If building world consensus to confront the threat posed by the Islamic State (ISIS) and al-Qaida was a jigsaw puzzle, the Saudi action just transformed into Rubik’s Cube.
So who was Nimr el-Nimr whose ghost now looms large over the war zones of the Middle East and Islam’s fight with itself?
He was a 57-year old Shia Arab from Saudi Arabia’s oil-rich Eastern Province (once known as Al-Ahsa until it was invaded and occupied by the Saudi family just after the First World War).
In 2009, he threatened to lead a secessionist movement to end the Saudi occupation of the oil-rich Al-Ahsa province that was once historically part of today’s Bahrain.
Although he was Shia, he had made it known in no uncertain terms he had no links with the Iranian regime.
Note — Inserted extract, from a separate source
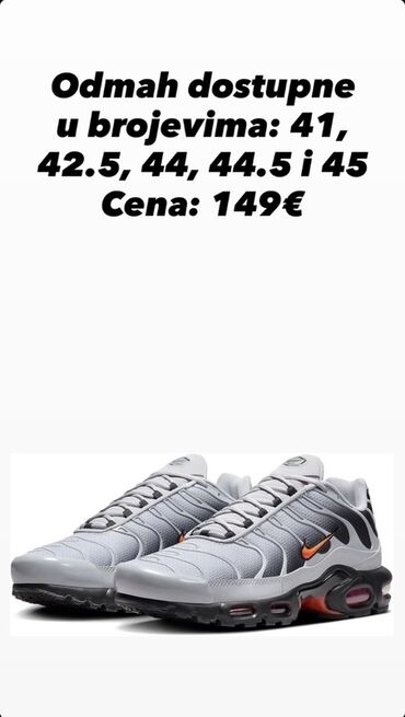 - Nike Air Max patike u sivo-crnoj kombinaciji sa narandžastim Swoosh detaljima. Mrežasto gornjište sa ojačanjima, jastučasti đon sa vidljivim Air jedinicama, gumeni potplat za dobro prianjanje. Odmah dostupne brojevi: 41, 42.5, 44, 44.5 i 45. Cena: 149€.

WikiLeaks reported that in a meeting with U.S. diplomats in 2008, el-Nimr sought to distance himself from Tehran.
He told the Americans Iran, like other countries, acts out of self-interest, and Saudi Shiites shouldn’t expect Iranian support based on sectarian unity.
If only the Americans had the wisdom to discern Saudi manipulation using petrodollars and the facts that would serve the interests of peace and progress.
The current lot seeking to replace President Barack Obama does not offer much promise.
This is how Republican front-runner Donald Trump summarized his understanding of the Saudi-Iran flare-up:
“Iran, with all of the money and all else given to them by Obama, has wanted a way to take over Saudi Arabia and their oil. They just found it.”
Where Franklin D. Roosevelt once sat, where JFK stared down the USSR and Ronald Reagan defeated communism, we now might have The Donald.
Both the Iranians and Saudis are laughing.